**Work item:** As you print the data below, keep every line exactly as it is and leave the images behind.

**Supplied information:**
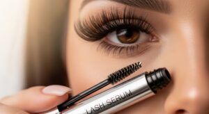 Close-up of a woman’s eye with dramatic false lashes and a lash serum wand. January 16, 2026 | | Leave a Comment
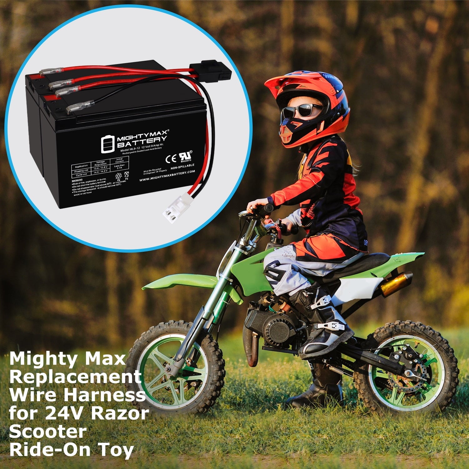 Mighty Max 12V 9Ah Sealed lead acid Battery and Wire harness Direct drop in replacement for 24 Volt Razor Scooter ride on toys. The harness comes equipped with everything needed to secure your battery to your little one’s ride on toy. Our harness has an added built-in safety measure with an easily accessible in-line safety fuse. Simple, Safe, and easy to assemble we’ll have your kids enjoying the outdoors in no time.
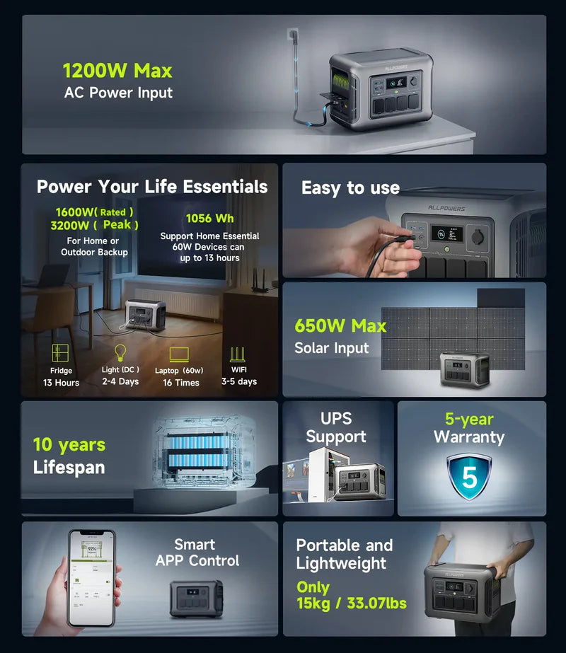 ALLPOWERS R1500 LITE Stacja Zasilania 1600W 1056Wh Akumulator LiFePO4

**Exercise solution:**
 Close-up of a woman’s eye with dramatic false lashes and a lash serum wand. January 16, 2026 | | Leave a Comment
 Mighty Max 12V 9Ah Sealed lead acid Battery and Wire harness Direct drop in replacement for 24 Volt Razor Scooter ride on toys. The harness comes equipped with everything needed to secure your battery to your little one’s ride on toy. Our harness has an added built-in safety measure with an easily accessible in-line safety fuse. Simple, Safe, and easy to assemble we’ll have your kids enjoying the outdoors in no time.
 ALLPOWERS R1500 LITE Stacja Zasilania 1600W 1056Wh Akumulator LiFePO4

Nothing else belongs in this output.